With the development of computer technology and camera sensors, computer vision has been applied in various engineering fields—for example, object detection in autonomous vehicles [1] and harvesting robots [2], detection and monitoring in the field of civil engineering [3,4], video surveillance [5], 3D reconstruction [6] and so on. Since vision tasks play an important role in a wide range of fields, reliable working performance is required. However, the tasks rely on scene illumination, and the performance of any camera-sensor-based perception tasks is highly degraded in poor illumination conditions such as low-light scenes [7]. In low-light scenes, when a camera cannot receive sufficient light or the camera sensor is not sufficiently sensitive, the captured images may have problems such as poor visualization and low image quality, making the valid information of the image disturbed and limiting the use of the image in computer vision tasks [8,9]. As we know, the degradation of the low-light images captured in a non-uniform illumination environment results in severe object information loss and makes the object detection more challenging [10]. The camera’s night mode sometimes suppresses this degradation; however, a slight shake may introduce other problems such as blurring. Improving the illumination of the environment or updating the camera sensor is not feasible in some conditions [11]. Therefore, low-light image enhancement methods at the software end are needed.

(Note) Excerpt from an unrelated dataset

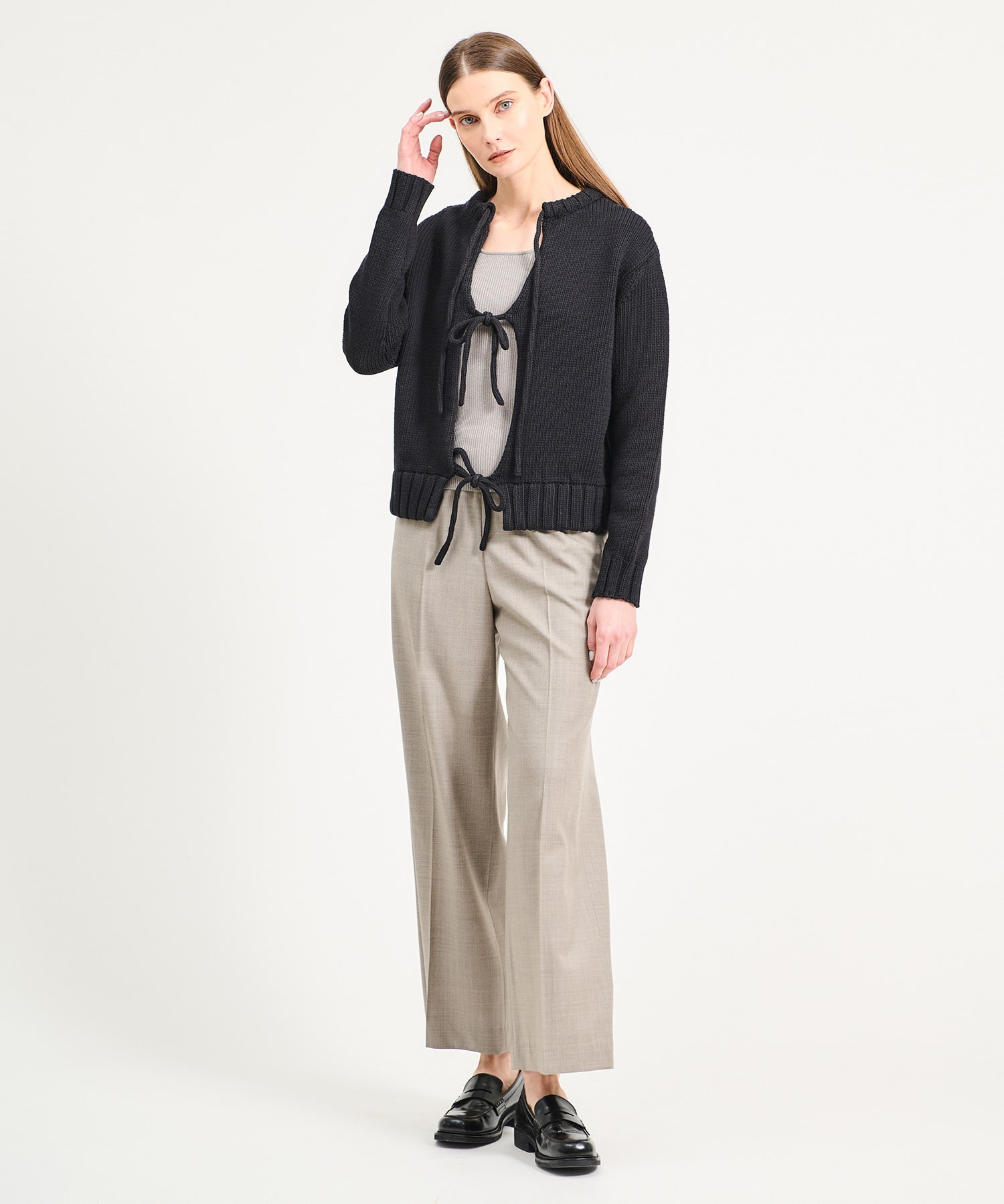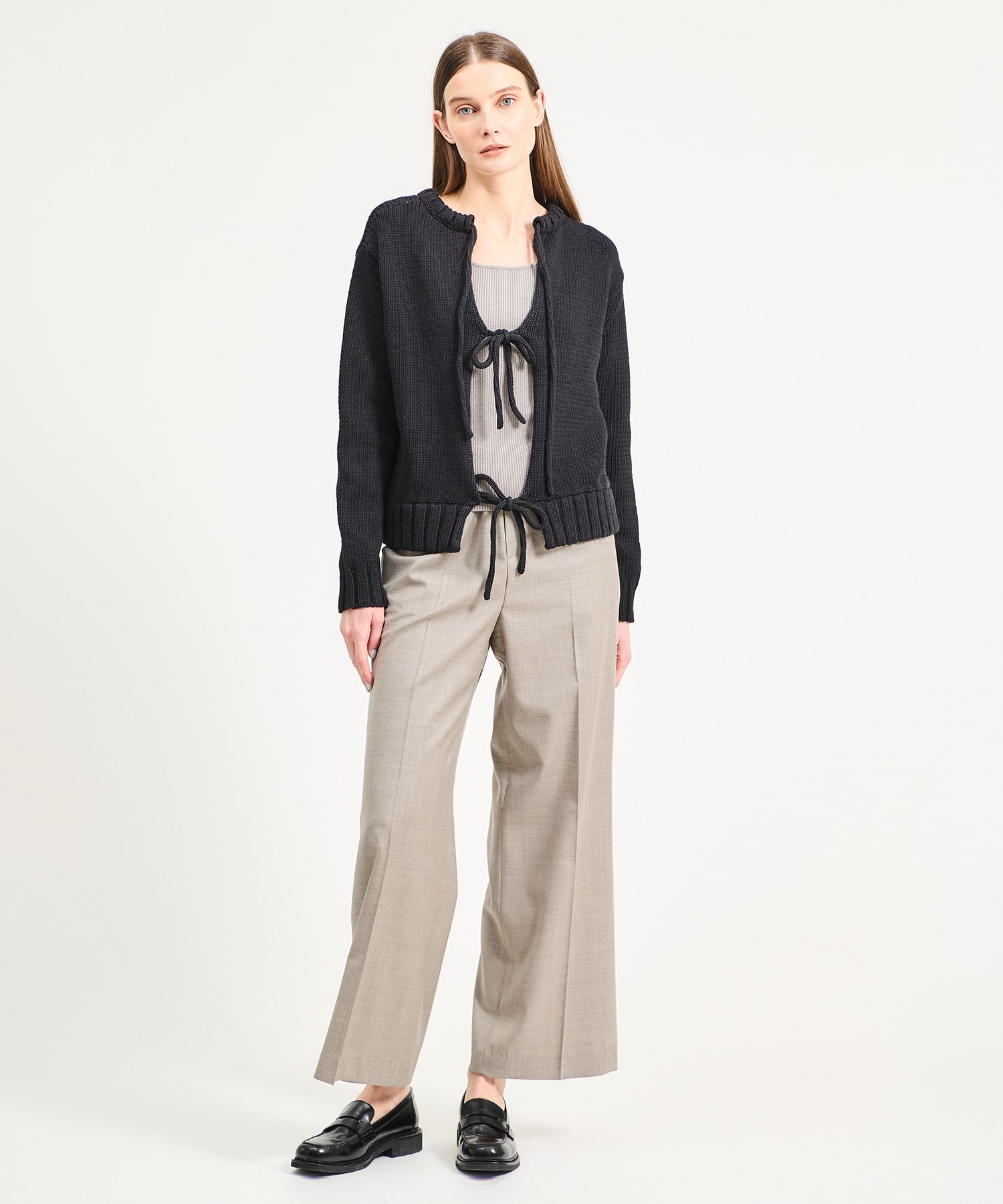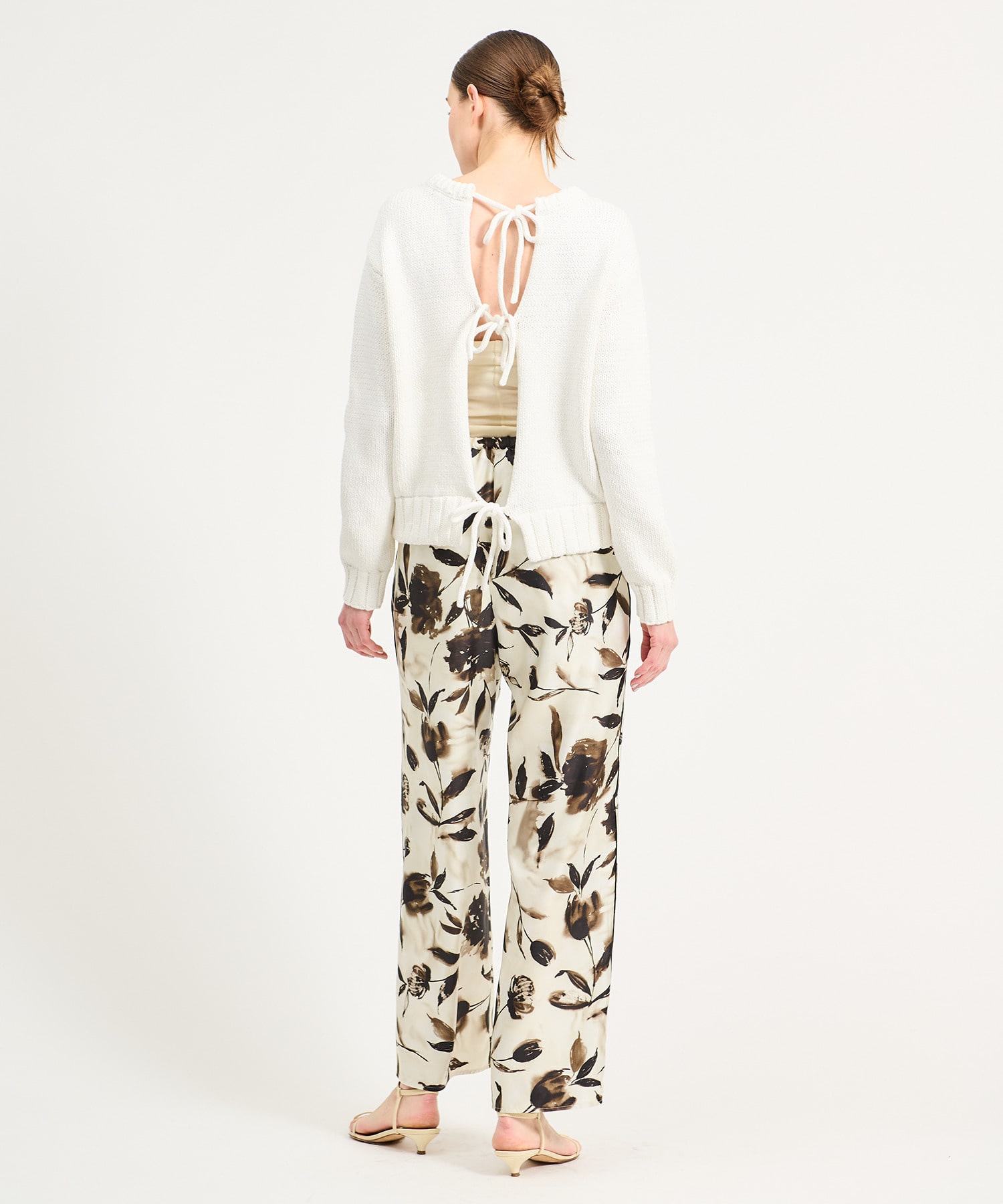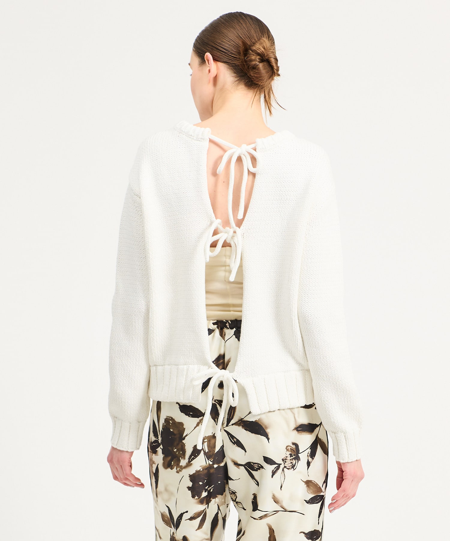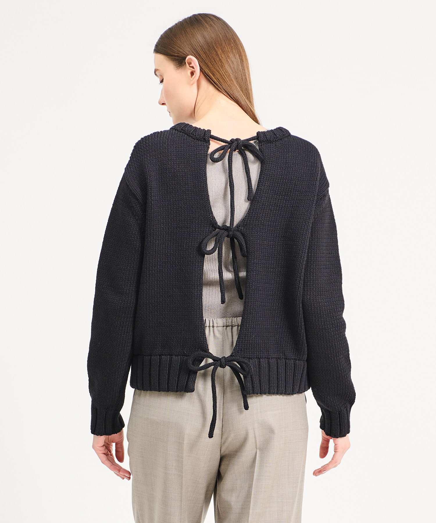 ゆったりとしたシルエットがリラックス感を演出し、センターバックにあしらったリボンがさりげないアクセントに。

At present, a large number of image enhancement methods have been proposed. Histogram equalization (HE)-based methods [12,13] redistribute pixel values according to the cumulative distribution function of the input image to expand the dynamic range. For example, Ibrahim et al. [14] smoothed the input histogram with a one-dimensional Gaussian filter, and then partitioned the smoothed histogram based on its local maximums. After each partition was assigned to a new dynamic range, the histogram equalization process was applied independently to these partitions. The last step in this method was to normalize the output image to the input mean brightness. Ying et al. [15] and Ren et al. [16] utilized the input image and camera response model to adjust the pixel values. The methods based on Retinex theory [17] adaptively adjusted the illuminance and reflectance components of the image, where the reflectance component was considered as an inherent attribute of the scene and was unchangeable in different lighting conditions [18,19]. Jobson et al. [20] extended a previously designed single-scale center/surround Retinex to a multiscale version that achieved simultaneous dynamic range compression/color consistency/lightness rendition. In order to correct the deficiency present in the extension, a method of color restoration, at the cost of a modest dilution in color consistency, was defined. Fu et al. [21] derived two inputs that represented luminance-improved and contrast-enhanced versions of the decomposed illumination using the sigmoid function and adaptive histogram equalization, and then fused the derived inputs with the corresponding weights in a multiscale fashion to adjust illumination. The method combined the advantages of sigmoid function and histogram equalization, and the final enhanced image was obtained by compensating the adjusted illumination back to the reflectance. Dong et al. [22] noticed that the inverted low-light images intuitively resembled images acquired in hazy lighting conditions; thus, low-lighting image enhancement has much in common with video haze removal. Therefore, they applied image de-hazing algorithm to the inverted image to enhance the image. These methods are simple and effective. However, the results may have undesirable illumination and amplified noise.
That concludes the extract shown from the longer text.